President Bush's commutation of I. Lewis "Scooter" Libby's 30-month prison sentence will likely prompt many people with politics similar to my own to cry bloody murder. It will be called a cover-up. It will be called a payoff for Libby's failure to implicate Vice President Dick Cheney, and perhaps even Bush himself, more directly in the Plamegate scandal. It will be compared to President Ford's pardon of Richard Nixon, and to Bush père's pardon of former Defense Secretary Caspar Weinberger a mere 12 days before Weinberger was to go on trial for perjury in connection with the Iran-contra scandal. Both of these actions were wrong. But the comparison is a weak one. What Bush did was just and fair. It was the right thing to do.
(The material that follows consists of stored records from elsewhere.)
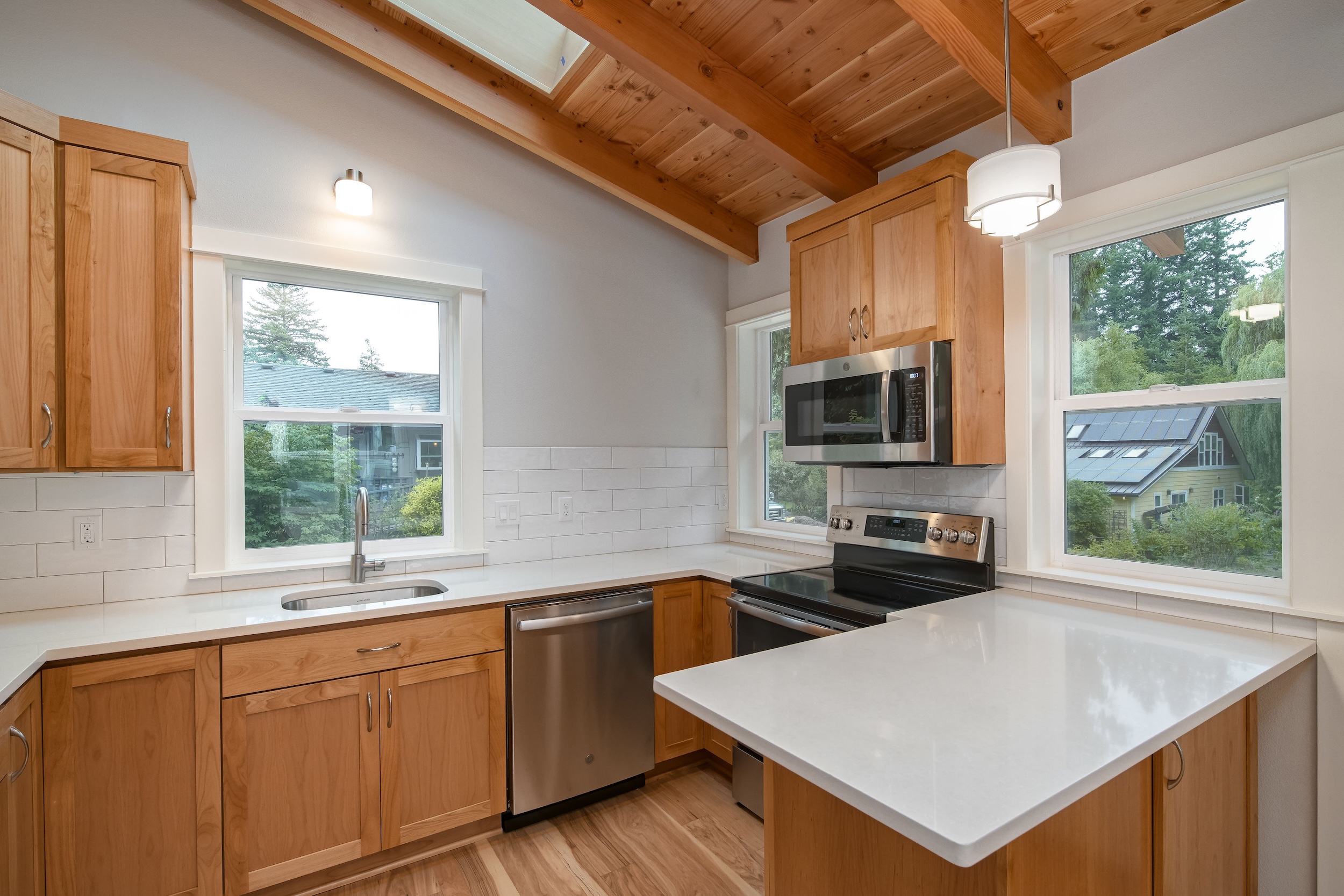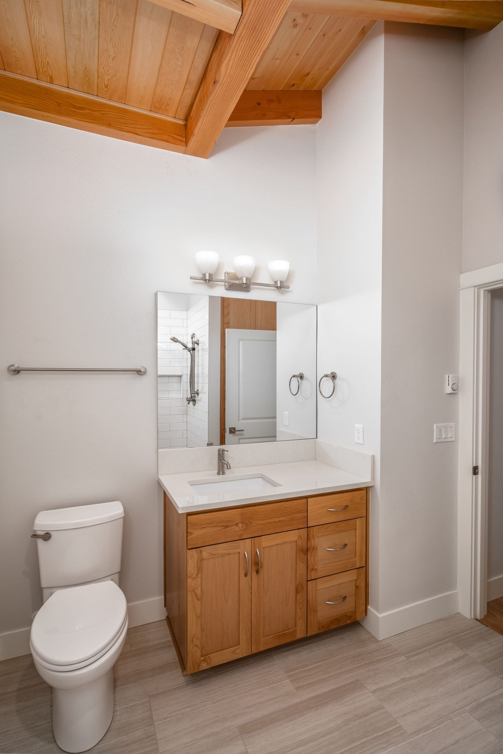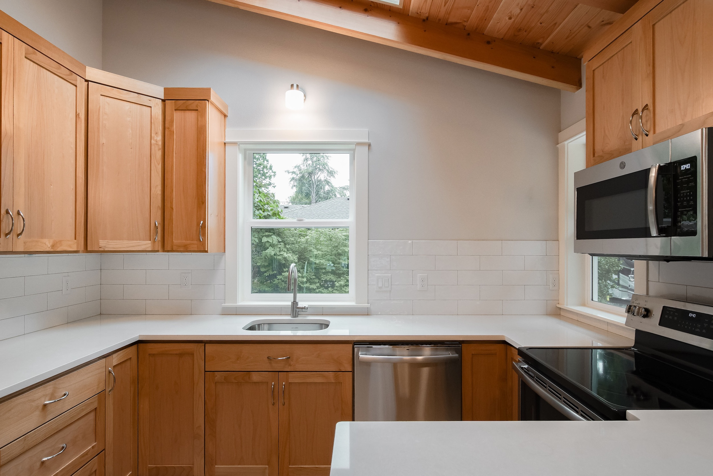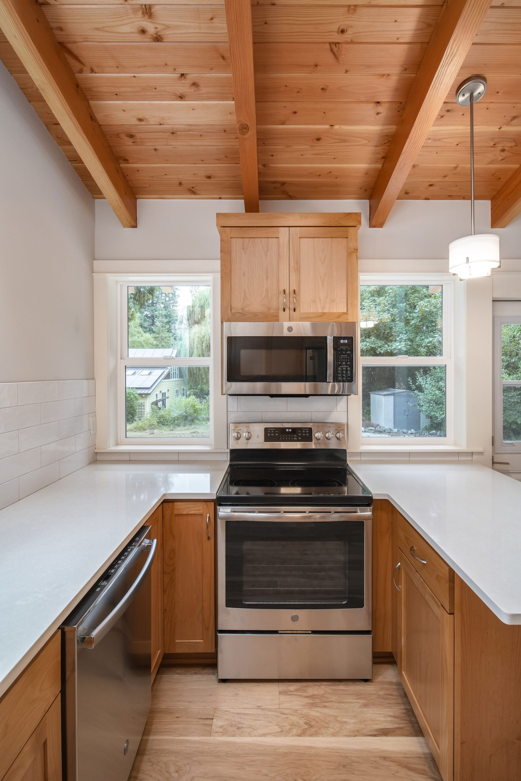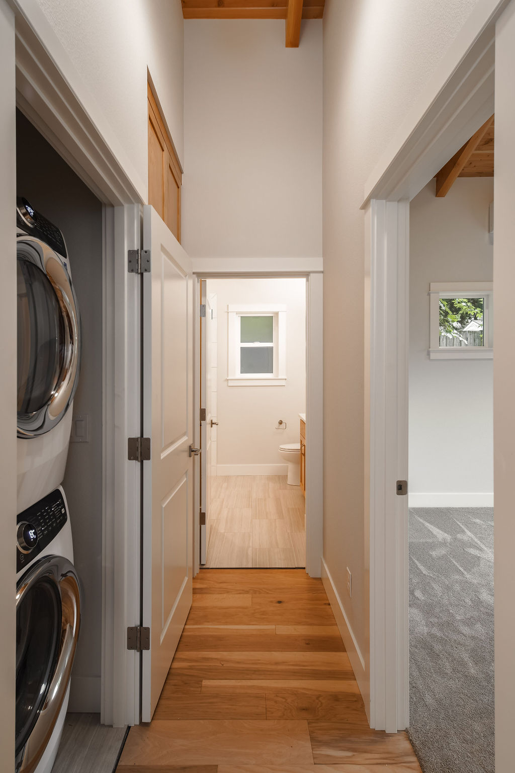 The Shaw’s modern contemporary ADU features vaulted ceilings, exposed beams, and a tongue-and-groove aesthetic. This spacious 800 square foot dwelling exudes sophistication, with its built-in cabinets and window bench enhancing both functionality and style.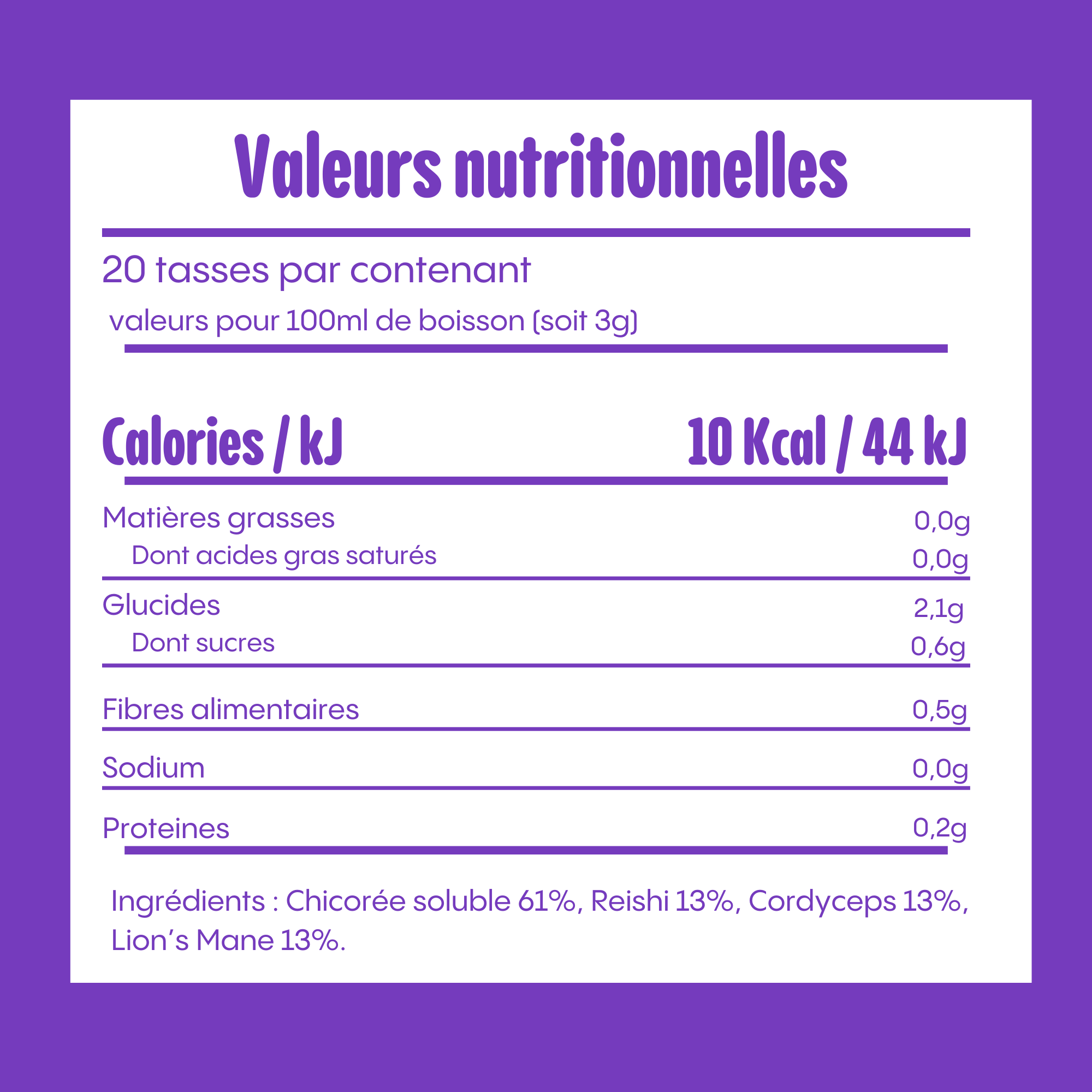 Chicorée nature 62,5% , (champignons fonctionnels 37,5% dont Reishi 12,5%, Cordiceps 12,5% , Lion’s mane 12,5%)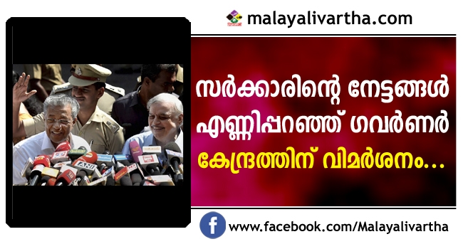 ഇരുപത് മാസത്തെ സംസ്ഥാന സർക്കാരി നേട്ടങ്ങൾ എടുത്ത് പറഞ്ഞും കേന്ദ്ര സർക്കാരിനെ കുറ്റപ്പെടുത്തിയും ഗവർണർ ജസ്റ്റിസ് പി.സദാശിവത്തിന്റെ നയപ്രഖ്യാപന പ്രസംഗം. കേരളത്തിനെതിരെ ദേശിയതലത്തില് കുപ്രചാരണം നടന്നുവെന്നും ഗവര്ണര്. ചില സംഘടനകള് കേരളത്തെ അപകീര്ത്തിപ്പെടുത്താന് ശ്രമിച്ചു. ഇതരസംസ്ഥാന തൊളിലാളികളുടെ ഇടയില് ആശങ്കപടര്ത്താന് ഇവര് ശ്രമിച്ചു.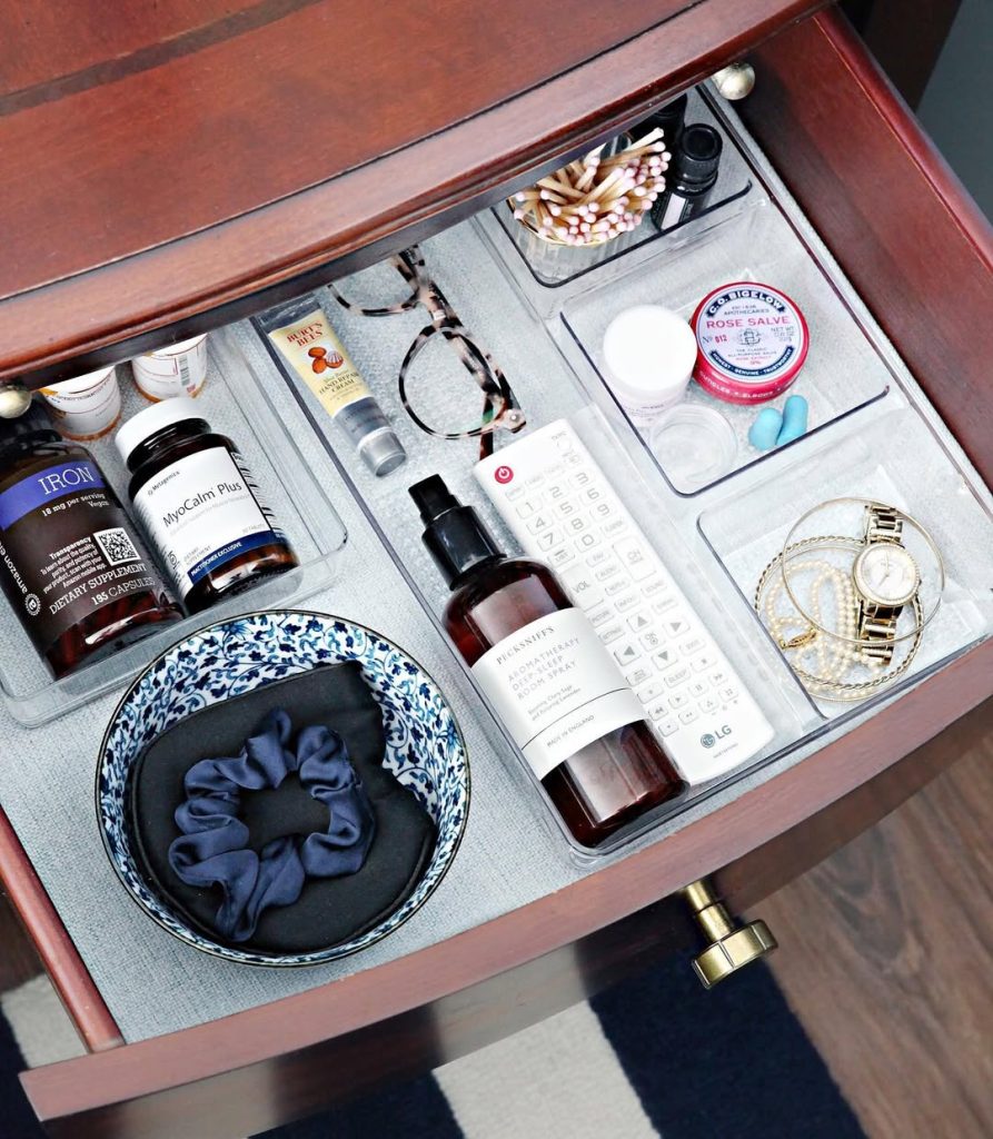 Line your drawer with a patterned contact paper or a piece of textured felt for a luxurious foundation. Then, use trays to organize vitamins, a soothing linen spray, and your favorite piece of jewelry.

I don't take lightly the fact that Libby lied to federal prosecutors about his role in unmasking Valerie Plame as a covert CIA employee. The underlying offense probably wasn't illegal—because Libby probably didn't understand that Plame's identity was a government secret—but it was nonetheless disgraceful. Libby understood that, and that's why he committed perjury. His prosecution was appropriate because Bush administration officials need to know that they are not above the law. Libby's trial and conviction, I hope, got that message across to at least some of them.

But Judge Reggie Walton went overboard in sentencing Libby to 30 months. This was about twice as long as the prison term recommended by the court's probation office, and if Libby hadn't been a high-ranking government official, there's a decent chance he would have gotten off with probation, a stiff fine, and likely disbarment. Walton gave Libby 30 months and a $250,000 fine, then further twisted the knife by denying Libby's routine request to delay the sentence while his lawyers appealed it. (Libby was duly assigned the federal prison register number 28301-016, but Libby's lawyers managed to move quickly enough to keep Libby out of the slammer until his appeal was denied on July 2, the same day Bush commuted his sentence.) The voluminous pleas for leniency from Libby's A-list friends seem to have annoyed Walton, who erred on the side of severity not in spite of Libby's high position in government but because of it. Walton wanted to make an example of him.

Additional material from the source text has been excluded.